Data nugget: cognograph-02 cwd contributed 1,799 sessions in window but zero subagent dispatches. That project pre-dated my Agent-tool adoption. Subagents only show up in the workspace cwd starting March. Cache-read / I+O ratio is ~315×, which you'd expect from heavy long-session context persistence via the prompt cache.
What I checked,
what I skipped.
- The "20–50×" phrase was mine, not Claude's. I said it first, casually, on 2026-04-06 when I was drafting a Claude cancellation survey. Claude later flagged that exact line as marketing filler in a different draft and cut it. This audit is the first time anyone ran the math. It wasn't built to justify the claim, it was built to find out if it held.
-
Every weight is in the open. Counts are objective (git, filesystem, JSONL). Weights are subjective (workdays a principal solo would need per artifact). If you don't like my weights, swap them in. Artifacts in the companion folder:
session-audit.py(streaming parser, per-line JSON, handles 30M+ rows),session-audit-raw-multiproject.csv(per-session rows),audit-totals-multiproject.json(aggregates), plus01-git-audit.md/02b-session-audit-multiproject.md/03-ship-artifacts.md. - Four rounds of self-correction. Every time I pushed back on the first pass, the number went up, not down. First pass weights were at median-senior instead of principal-tier. The per-hour measure initially left out agent work (structurally wrong). The ship list got expanded three times because I kept remembering clients Claude had missed. When corrections move in one direction only, the first pass was conservative, not sympathetic.

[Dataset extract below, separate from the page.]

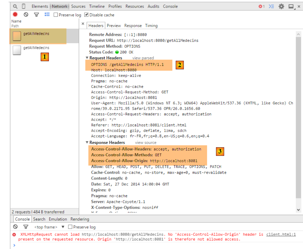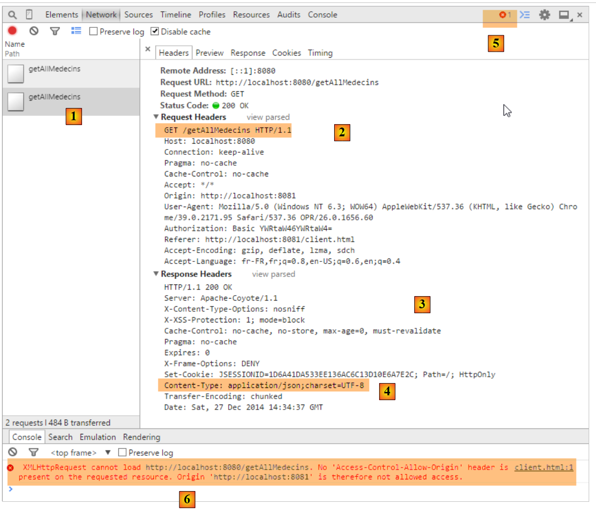 - en [5], on voit qu'un serveur embarqué par [Webstorm] a délivré la page [boot.html] à partir du port [63342]. C'est un point important à comprendre car cela veut dire que les scripts de la page [boot.html] vont faire des appels inter-domaines au serveur [Web1] qui lui travaille sur [localhost:8081]. Le navigateur qui a chargé [boot.html] sait qu'il l'a chargée à partir de [localhost:63342]. Il ne va donc pas accepter que cette page fasse des appels au site [localhost:8081] parce que ce n'est pas le même port. Il va donc mettre en oeuvre les appels inter-domaines décrits au paragraphe 8.4.14. Pour cette raison, il faut que l'application [Web1] soit configuré pour accepter ces appels inter-domaines. C'est dans le fichier [AppConfig] du serveur Spring / Thymeleaf que ça se décide :

- Cognograph's weight is a lowball on purpose. A solo designer-frontend without AI isn't shipping Cognograph (Electron + React + custom WebGL shader pipeline + SaaS backend, ~50K LOC source) in 108 days. Realistically impossible. I capped the weight at 250 workdays as a proxy, because "impossible" doesn't compute.
- Baseline choice drives half the number. Against "solo designer-frontend without AI, 2026" (a hypothetical nobody actually is), the artifact multiplier is 19–41×. Against "top-decile solo peer with Cursor + Copilot + Sonnet" (what your competitors actually use), it's 8–18×. I default to the stricter baseline in the headline because the no-AI comparison is a ghost. Calibration anchor for both: my own pre-2025 pace — Simply Smart Home drove 233% YOY, Tantum shipped 15+ startups on broadcast timelines, iO Theater ticket sales moved 50% to 75%.

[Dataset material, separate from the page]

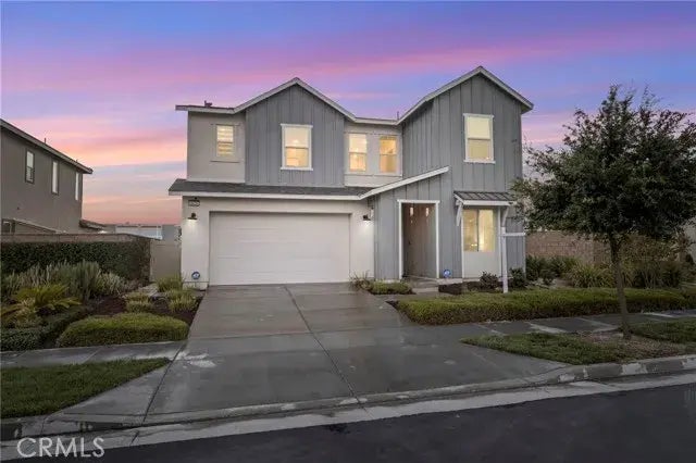 One of the best priced homes at the Shadetree Community in Ontario Ranch. Built by Landsea Development, this beautiful Elmwood, Plan 1 model is the perfect place to call home. Set on a premium corner lot, this two-story residence offers both privacy and an expansive side yard, ideal for outdoor activities. The community amenities include a large pool, a tot pool, a spa, a clubhouse, BBQ areas, pavilion, outdoor resting lounges with firepits, a dog park, and a tot lot. This home is also conveniently located near markets, restaurants, theaters, parks, shopping, and just moments away from the 15 and 60 freeways. Spanning 2,339 square feet of living space, this newer-built home features four spacious bedrooms and three bathrooms. The inviting first floor includes a great room and dining area, while the modern kitchen boasts quartz countertops, a large breakfast bar island, a walk-in pantry, and stainless-steel GE appliances. Tile flooring is beautifully laid throughout the entryway, kitchen, baths, and laundry room, while elegant laminate plank flooring completes the rest of the home. Upstairs, youll find a cozy loft, a separate laundry room, and the primary bedroom featuring a large walk-in closet. The primary bath is a serene retreat with quartz double sinks, a private toilet room, a separate shower, and a soaking tub. Notable home features include central A/C and heating, a whole-house fan, recessed lighting, and a tankless water heater. Solar panels by Sun Run, which have been purchased, are included with the sale of this home. The two-car attached garage provides ample spa

- Confounders I can't control for. Some output credit belongs to (a) 15 years of prior expertise — PFD methodology is assembled from stuff I already knew, not invented in window; (b) Cognograph's pre-2026 foundations; (c) urgent runway, which changes working hours and focus regardless of tooling. "Claude's multiplier" is entangled with "Stefan's 2026 conditions." The numbers don't disaggregate that.
- Activity-volume has a double-count risk I corrected for. Subagent dispatches execute their own tool calls, so those tool calls appear both in the 220,269 total AND as subagent parallel work. The stricter read dedup's ~50% of tool calls against the subagent bucket and cuts per-call time savings from 5 min to 1 min. Without that correction, the activity multiplier is 39× (inflated); with it, 20×.
- The fact that's hardest to argue with: 4,861 subagent dispatches in 108 days. Work that literally didn't exist as a human-possible category before the tool shipped. That alone is ~1,800 workdays of parallel execution, nearly 17× one person's 108-day calendar capacity. Before I count anything I did myself.